Intra-class correlation coefficient (ICC) [38]: Poor < 0.50; Moderate = 0.50–0.75; Good = > 0.75–0.90; Excellent > 0.90

Results

Ten hospitals from across Ontario participated: two from the 47 Level 1 hospitals; six from the 41 Level 2 hospitals; and two from the eight Level 3 hospitals. A combination of both paper and electronic documentation systems and a variety of data entry processes were used by the sample hospitals. The total number of charts re-abstracted for this project was 927 linked mother/baby records (Fig. 2). We did not achieve the full target of 1000 charts because some of the requested patient charts were not available during the re-abstraction period.

Fig. 2.

Fig. 2

Flow diagram of charts included

A total of 29 data elements were re-abstracted from patient records to assess the degree of agreement with data already in the Registry. The overall results are summarized in Fig. 3 (percent agreements) and Table 1 (percent agreements, Cohen’s kappa or ICC). Of the 29 data elements (21 categorical and 8 continuous) re-abstracted, 22 (75.9%) showed >90% agreement, suggesting that these data elements may be used with confidence.

Fig. 3.

Fig. 3

Summary of results (percent agreement). Cohen’s kappa statistic (κ) - degrees of agreement after chance agreement has been excluded (Landis & Koch, 1977): + ≤ 0.60; ++ 0.61–0.80; +++ > 0.80. Intra-class correlation coefficient (ICC) (Portney & Watkins, 2000): * < 0.50; **0.50–0.75; *** > 0.75

Of those categorical data elements with >90% agreement, four had kappa values >0.80 indicating almost perfect agreement (beyond chance) (type of birth, whether there were indications for cesarean section, labour and birth complications, and fetal surveillance type). Seven categorical data elements had kappa values from 0.61–0.80 demonstrating substantial agreement (beyond chance) (labour type, mother resides with smoker at first prenatal visit, maternal health conditions, complications of pregnancy, diabetes in pregnancy, episiotomy, and indications for induction). There were four categorical data elements with high agreement (> 90%), but kappa values < 0.60 (suggesting agreement could have been due to chance), that warrant further investigation (hypertension during pregnancy, location newborn discharged/transferred to, maternal smoking at first prenatal visit, and pain relief for the newborn). Five of the 21 categorial data elements demonstrated < 85% agreement and need further investigation (intention to breastfeed, newborn feeding at discharge, Group B Streptococcus screening results, mother resides with a smoker at time of labour/admission, and maternal smoking at time of labour/admission).
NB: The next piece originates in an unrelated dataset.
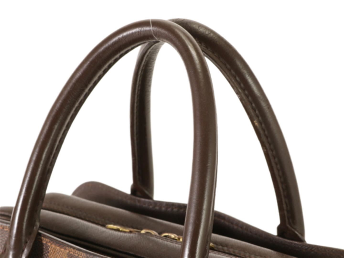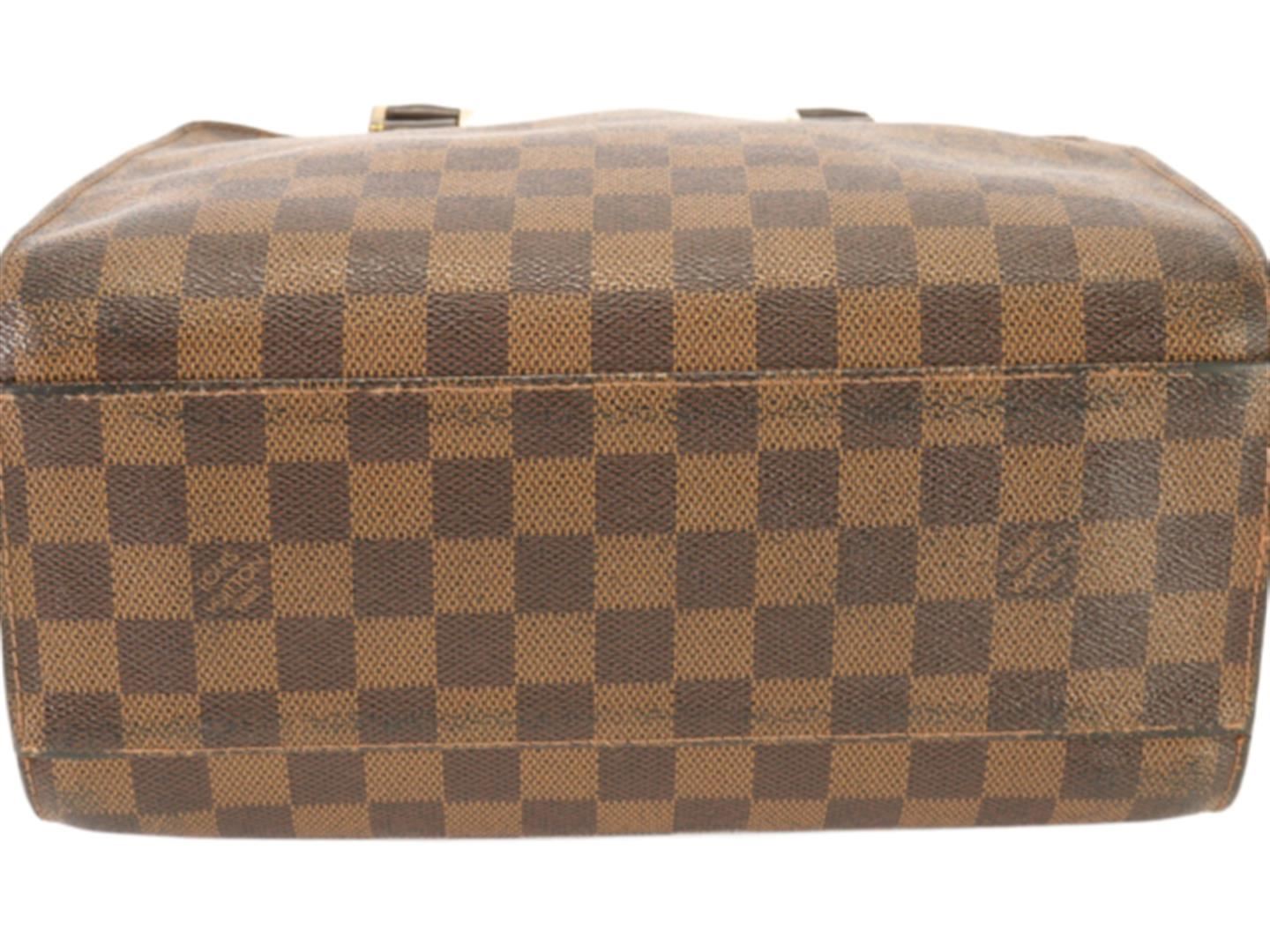 One Louis Vuitton Damier Ebene Canvas Leather Triana Handbag. Item is sold AS-IS. All available information is listed in the description and shown in the photo. Brown Damier Ebene coated canvas Louis Vuitton Triana Handbag with gold-tone hardware, mocha leather trim, dual rolled handles, dual slit pockets at exterior, orange Alcantara lining, single zipped pocket at interior wall and zip closure at top. 10.5"x3.5"x9.5"xBag Drop:5"/26.6cmx8.8cmx24.1cmxBag Drop:12.7cm

Of the eight continuous data elements re-abstracted, six had agreement > 90% (number of fetuses, number of previous cesarean births, maternal pre-pregnancy weight, maternal height, maternal weight at end of pregnancy, and infant’s date of birth). Of those, four elements had ICC values > 0.50, demonstrating moderate to excellent agreement (beyond chance) (number of fetuses, maternal pre-pregnancy weight, maternal height, and number of previous cesarean births). Although there was high agreement (> 90%) for maternal weight at end of pregnancy, ICC values were < 0.50 (suggesting agreement may have been due to chance), therefore, this data element warrants further investigation as do the data elements, estimated date of birth and gestational age at birth (weeks and days), which were found to have < 90% agreement.

Discussion

In this data re-abstraction study we found moderate-to-high levels of agreement (beyond chance) between the data collected routinely in the Registry with data collected through this chart re-abstraction. Although neither of the datasets used during the audit can be declared as a gold standard, these results suggest that these core Registry data elements have high validity [39], as do the data elements used to define the key performance indicators in the Maternal Newborn Dashboard [5].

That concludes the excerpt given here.